Syntax Sugar and derive-redirection for Newtypes, to work around the Orphan Rule

Motivation

We all hate-love rusts orphan rule.

Traits that are foreign to our crate, cannot be implemented for types that are foreign to our crate.

That makes perfect sense and protects the ecosystem from a lot of catastrophic sillyness, or "unsoundness" as some people insist on calling it.

However, application authors and other leaf node library authors often despise this rule. Perhaps the biggest inconvenience is that the powerful derive macros that exist for a variety of use cases, are not available on foreign types. Using a newtype pattern, authors can only implement foreign traits manually. But this can be needlessly tedious.

This is definetly not ideal in the crates.io ecosystem - a lot of "serde" feature flags would not be necessary anymore - though still convenient. Less popular libraries than serde are usually just unsupported and cannot easily be combined with libraries like serde can ve- even if the derive macros they define would work, and no additional logic is required. This is a very annoying inflexibility, and prevents the ecosystem from progressing on these matters or even competing with serde. (not that that is necessary.)

Attempts to remove the glorious orphan rule have often been discussed:

But i am not really a fan of these proposals, as it makes existing code so much harder to reason about, and would add very complicated new syntax to the type system.
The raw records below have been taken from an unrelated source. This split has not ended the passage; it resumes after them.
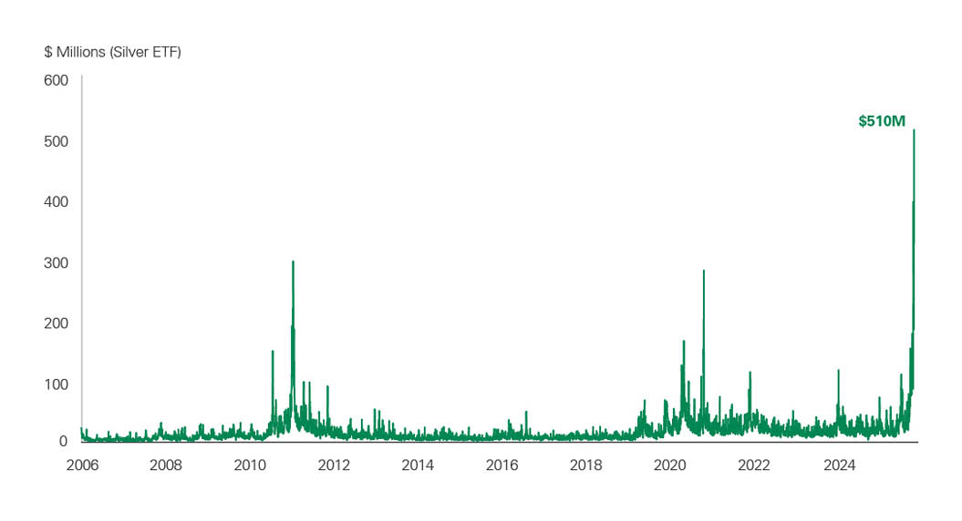 Time-series chart displaying silver ETF fund flows in millions of dollars from 2006 through 2025. While most periods show modest flows, there are pronounced spikes during periods of market stress or reflationary momentum, including major surges around 2011, 2020, and a record inflow of approximately $510 million in 2025, signaling renewed investor demand for silver exposure.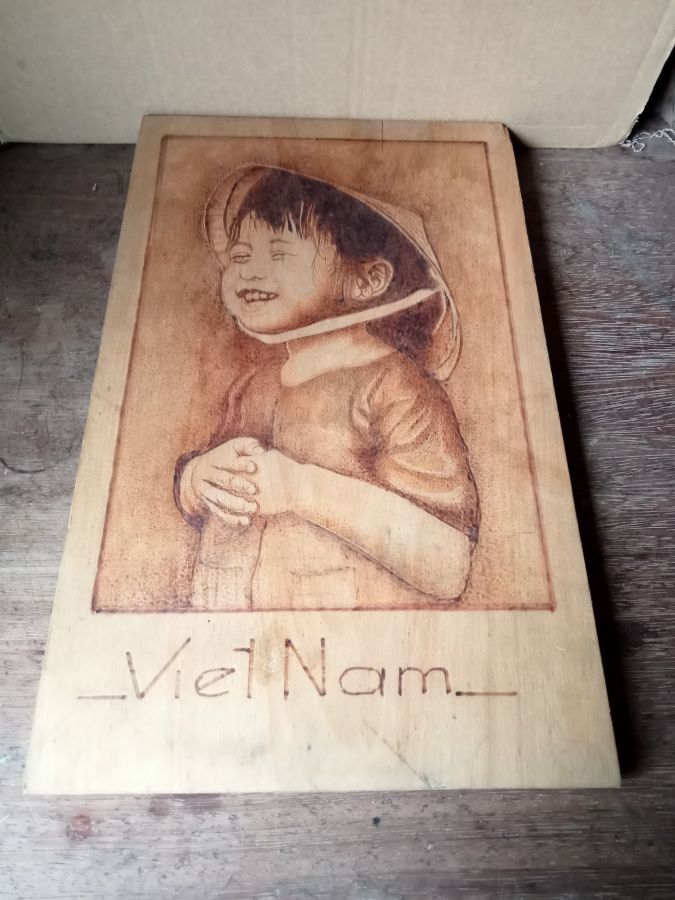 Gluu một tranh gỗ, chủ đề con người Việt Nam.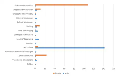 According to the 1881 census, females were involved in a number of occupations, for example being largely involved in domestic services compared to men. Domestic services include domestic indoor servants and washing and bathing services. However, a large majority of women were registered with an "unknown occupation".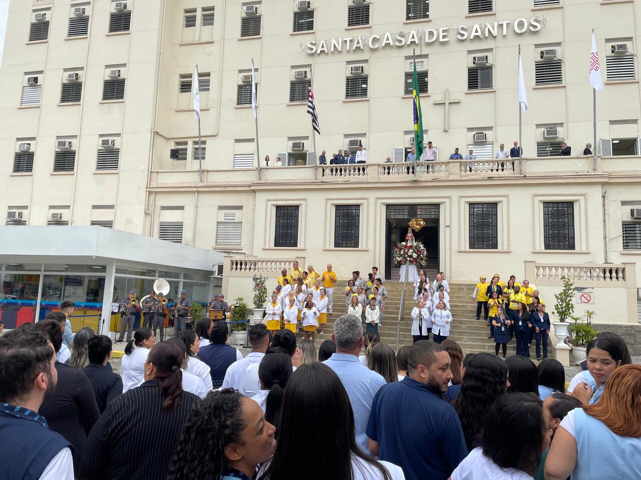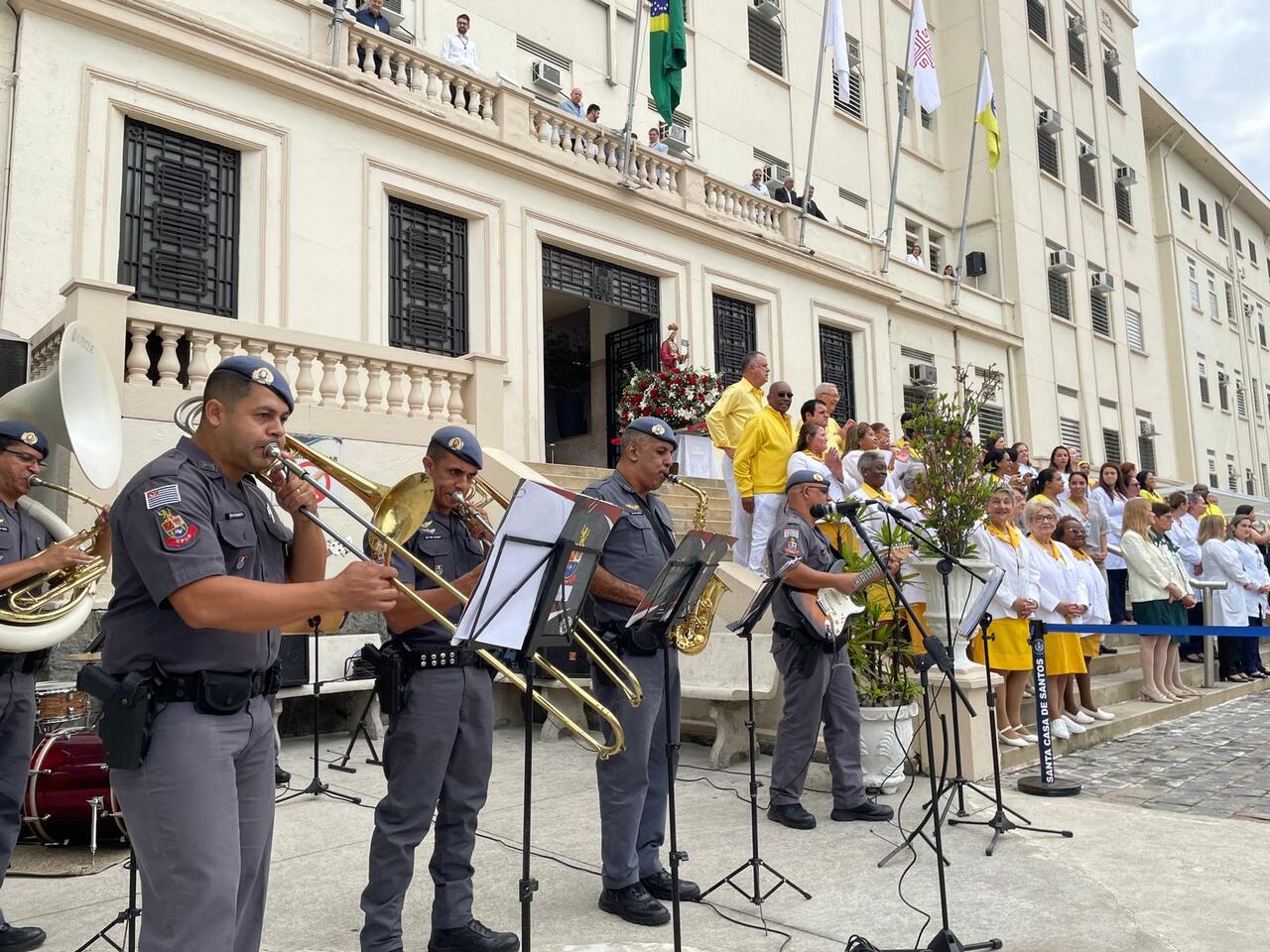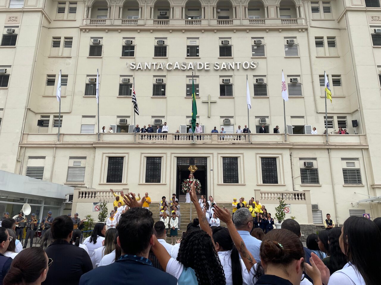 O Dia de Santa Isabel, padroeira das Santas Casas, foi celebrado com programação especial na Santa Casa de Santos, seguindo a tradição da instituição. Às 9h, o público se reuniu em frente às escadarias para o Hasteamento das Bandeiras e prestigiar a Banda Regimental de Música do CPI 6, que fez uma excelente apresentação com repertório de MPB e animou todos os presentes.

My idea is pretty simple, and could significantly ease any orphan-rule pain.

Syntax Idea

Compiler support for newtype enum / newtype struct!

Simply define: pub newtype struct crate_a::TypeA as MyNewType

Why would it help!?

  • Copy any type and make it local to your crate!
  • Freely define impls for (no longer) foreign traits!
  • The compiler can use the TokenStream from the original type for any derives on the newtype!
  • No danger of changing any behaviour or breaking expectations in upstream code, since it is a new type that can't be passed off as the original!
  • "Inherit" all impls from crate_a, and any impls from crates that implement their own traits on it!
  • (We should discuss if you can override existing impls by crates on the newtype)
  • (We should discuss restrictions on accessing/deriving on private fields and upholding encapsulation)
  • (We should discuss newtypes of newtypes)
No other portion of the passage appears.